My people once shaped golems from stone and clay. Now we make one cast in steel. She lies before us, silver in color, save for the golden Star of David on her chest.

I congratulate my husband as he finishes the adjustments to our creation’s resting place, lowering the slab so I might take a closer look at her. “Good work, Yitzhak.” Dragon-smoke flares of neon curl and bleed in through the windows, brushing against our golem’s body. Triumph overcomes my weariness, smile tight across my face.

“Thanks, Miriam. But you did the important part,” Yitzhak answers, his thin smile highlighting the premature wrinkles on his face. He is staring down reverently at our creation, tears brimming in his eyes.

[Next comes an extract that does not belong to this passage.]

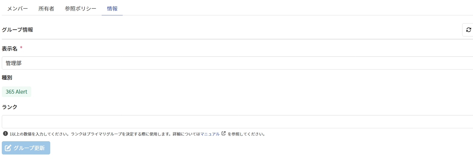 以下の項目を更新し、[グループ更新]をクリックしてグループ情報を更新します。
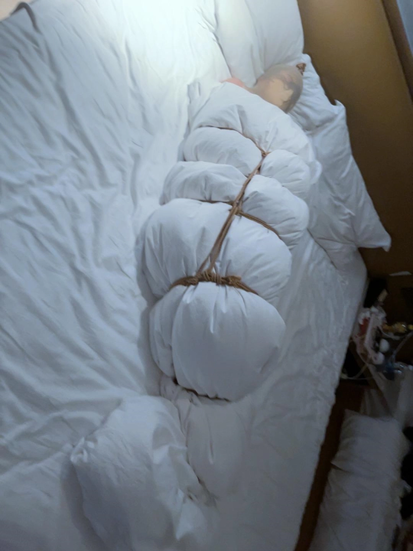 这时妹子已经越来越焦虑了,甚至疯狂挣扎到双手都挣脱了第一层绳子的束缚。不过外面的丝袜、绳子、胶带、棉被还是牢牢固定,只是暂时手腕能动。而且无论里面怎么激烈挣扎外面看都只能来回蠕动而已,最多翻滚。

“Nobody achieves anything alone,” I remind him, catching myself staring at him and remembering the days when our marriage was whole. I pat our child’s steel shoulder. “Hard part’s over. Hopefully we have enough time to finish the rest.”

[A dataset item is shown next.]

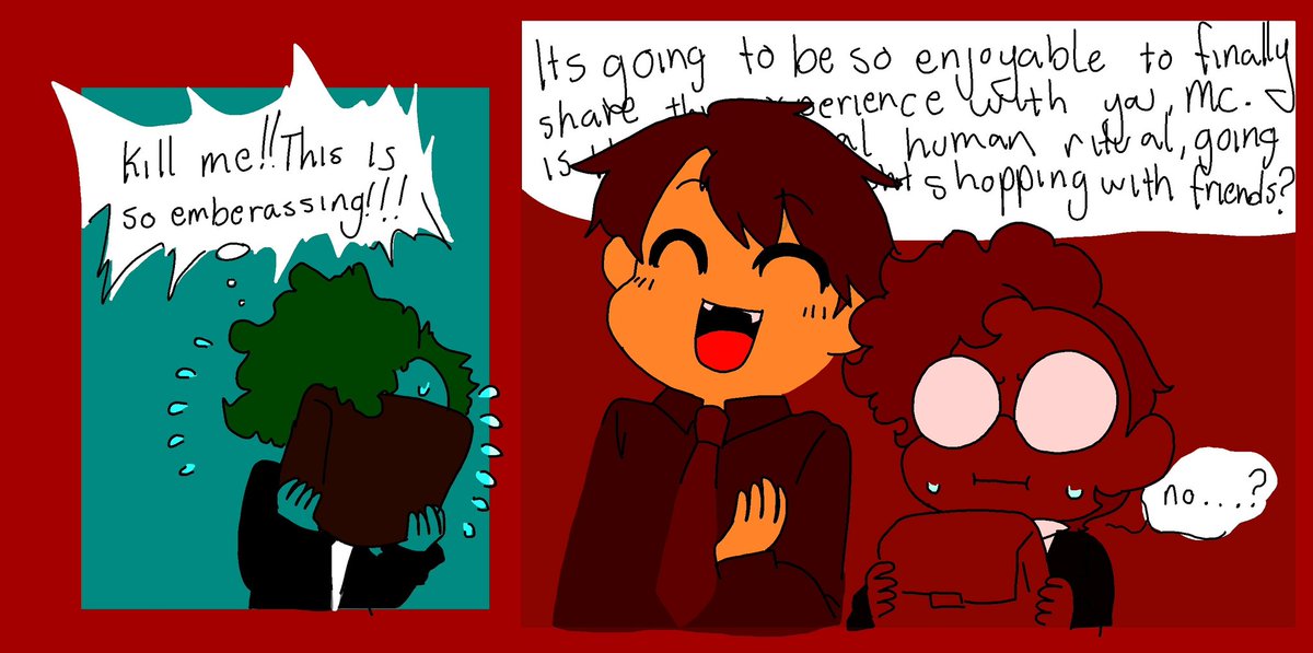 MC tries her best once again to obtain even one bra, but she is no match for the prince of the devildom and all his tricks!!! Better luck next time ;p #obeymefanart #obeymediavolo #diavolo #barbatos #comics #obeymeshallwedate

“Do you think we’re safe?” he whispers, trepidation clear in every syllable.

“Of course not,” I scoff. Our sanctum is set deep within the Earth, a gaping wound in a world of jutting skyscrapers where once the synagogue stood. We are in the lowest levels, in a makeshift laboratory, guarded from above. True safety is a luxury we left behind long ago. “If you’re going to run, do it now.”

I feel his hesitation, the slight tremors of fear in his voice as he commits to bravery. We Jews hold to our culture even with the threat of annihilation. We hide from roving patrols and present as lawful citizens by day, but never have we stopped resisting.

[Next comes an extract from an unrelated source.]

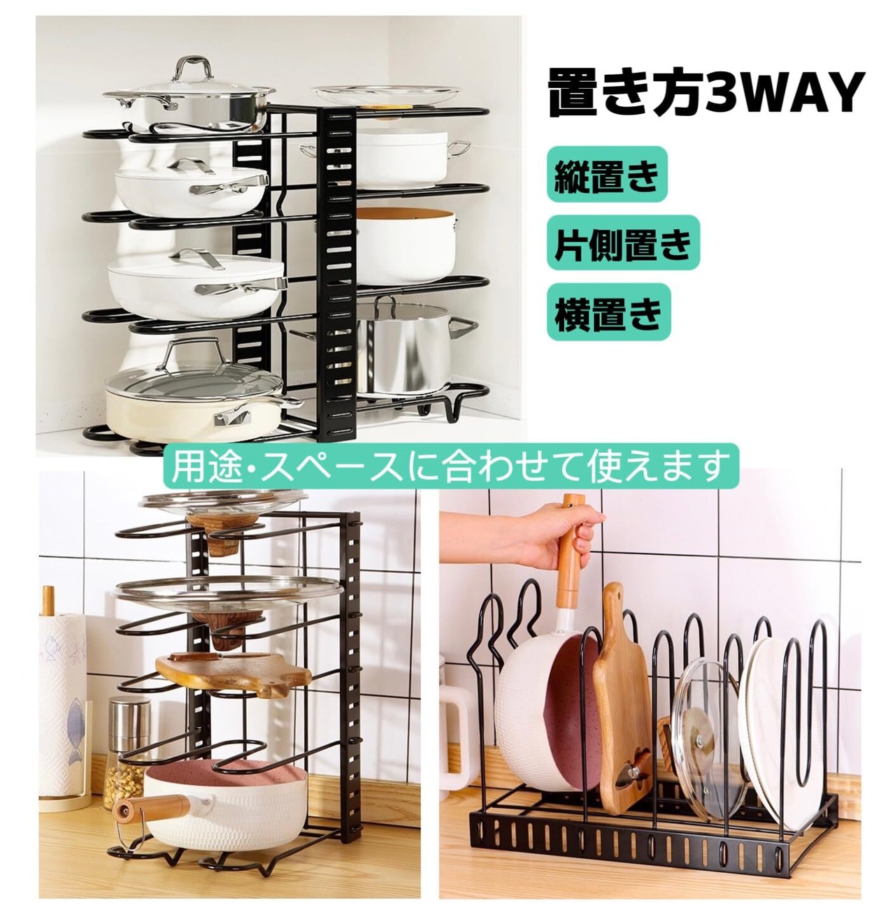 【多機能収納】: U字型仕切りパーツが8個付属しております。仕切りパーツの間隔はお好みで調整することができるので、鍋だけでなく、まな板、食器、調理器具などを収納できます。

Yitzhak stands with me, no matter how afraid he is. “I would never leave you, no matter what.”

“I know.” Divorced or not, we’re still friends, and he’s dedicated to the cause. Yitzhak’s integrity is beyond compare. “Look. She’s awake.”

I’ve created life, sparked consciousness into being. She is my marvel, my defender, my Tzeidel. “Her mind is active.” I tap my forehead. “I’ve used my implants to link our thoughts together. It’ll take a few minutes, but I’ll have Tzeidel’s mind and body at full functionality.”

Her name is the same as the daughter we lost years ago. Her features are a manufactured blend: my small nose and high cheekbones; Yitzhak’s thin lips and strong chin.

I reach out a hand to feel that face, taking in every detail. Even with that neon mist, the silver veins in my dark arm pulse, displaying the implanted links that blur the line between human and machine.

“Now the rest, Miriam,” Yitzhak reminds me, as he’s done a hundred times.

As she lies before us, Tzeidel is awake. Hers is an artificial intelligence modeled after my own brain patterns, flying through years of life and development in seconds. A very specific linkage of the chips and neurons in her head mingled with downloads from my implants to deliver consciousness. “I know. We’re only done after she’s up and killing the people who deserve it.” I sound impatient, but I’ve been awake for days. It takes time to layer wires through such a large body and get them to convey electrical signals in the same way my body carries blood. It takes even longer to incorporate military-grade hacking technology and regenerative properties. I am a scientist, a surgeon to machines. It is my profession and my art that I apply to my new daughter now.

I use my implants to enhance my vision, so that I might see within each metallic pore of my awakening Tzeidel. She stares back at me with eyes of crystal, optical nerves dark with disuse. “They might be here soon, Tzeidel.”

Who are ‘they,’ Mother?

Tzeidel speaks in my mind, heard by only me through the connection I’ve established via my implants. Our minds are linked together, feeding her information and functionality. She sees through my eyes, reads my thoughts, but she is not yet mobile. I expected this, but it still gives me pause. Hearing the remembered voice of my dead child is like muffled syllables after a long drone of static. Tzeidel’s voice is childlike, gentle. She does not yet understand violence, nor the need for it.

I’m so sorry that I’ll have to change that.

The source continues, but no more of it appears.